* The task
Restate, word for word and with no pictures, the stretch of lines in the data below that begins at the line with "İskenderun’da dezenfekte edilen" and ends at the line with "42 49, heinz.gafner@toggenburger.ch", inclusive.

* Data in this exercise
--------------------------------
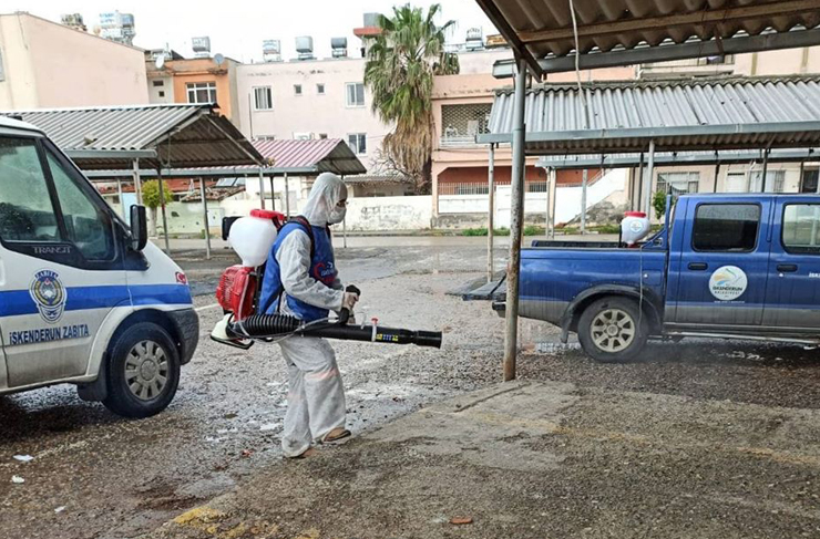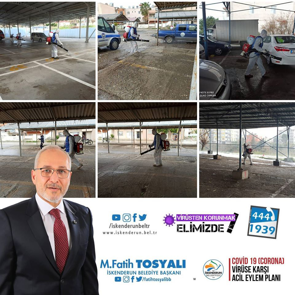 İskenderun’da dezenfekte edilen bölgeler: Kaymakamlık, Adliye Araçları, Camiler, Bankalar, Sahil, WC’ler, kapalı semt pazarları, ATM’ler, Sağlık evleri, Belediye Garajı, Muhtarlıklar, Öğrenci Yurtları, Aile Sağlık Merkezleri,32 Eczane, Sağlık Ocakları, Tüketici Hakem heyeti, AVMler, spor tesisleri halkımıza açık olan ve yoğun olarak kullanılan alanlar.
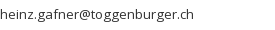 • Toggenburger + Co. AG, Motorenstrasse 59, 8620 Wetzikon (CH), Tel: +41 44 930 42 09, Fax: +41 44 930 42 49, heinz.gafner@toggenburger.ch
--------------------------------
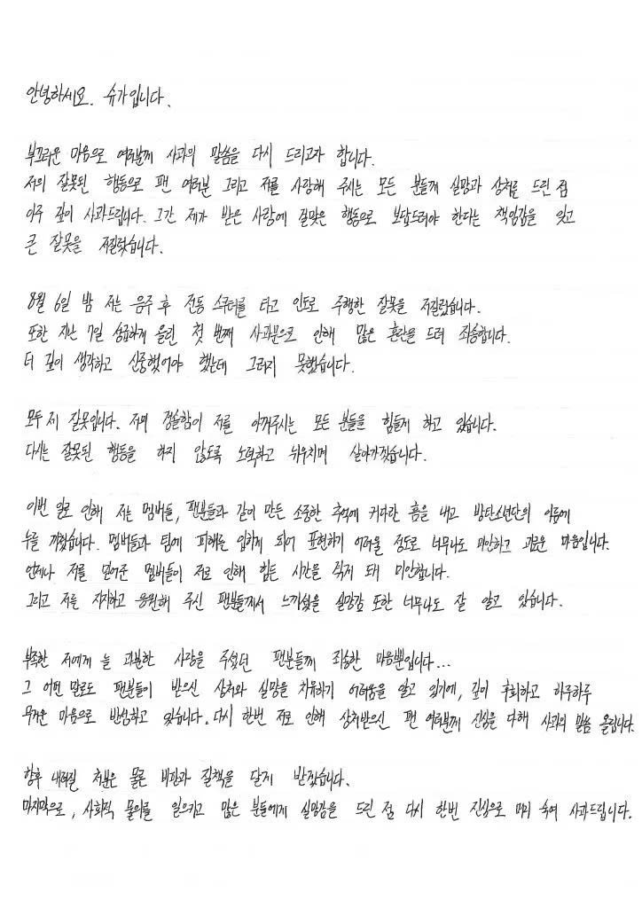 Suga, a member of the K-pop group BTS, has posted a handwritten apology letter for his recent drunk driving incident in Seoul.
--------------------------------
* Answer space
 İskenderun’da dezenfekte edilen bölgeler: Kaymakamlık, Adliye Araçları, Camiler, Bankalar, Sahil, WC’ler, kapalı semt pazarları, ATM’ler, Sağlık evleri, Belediye Garajı, Muhtarlıklar, Öğrenci Yurtları, Aile Sağlık Merkezleri,32 Eczane, Sağlık Ocakları, Tüketici Hakem heyeti, AVMler, spor tesisleri halkımıza açık olan ve yoğun olarak kullanılan alanlar.
 • Toggenburger + Co. AG, Motorenstrasse 59, 8620 Wetzikon (CH), Tel: +41 44 930 42 09, Fax: +41 44 930 42 49, heinz.gafner@toggenburger.ch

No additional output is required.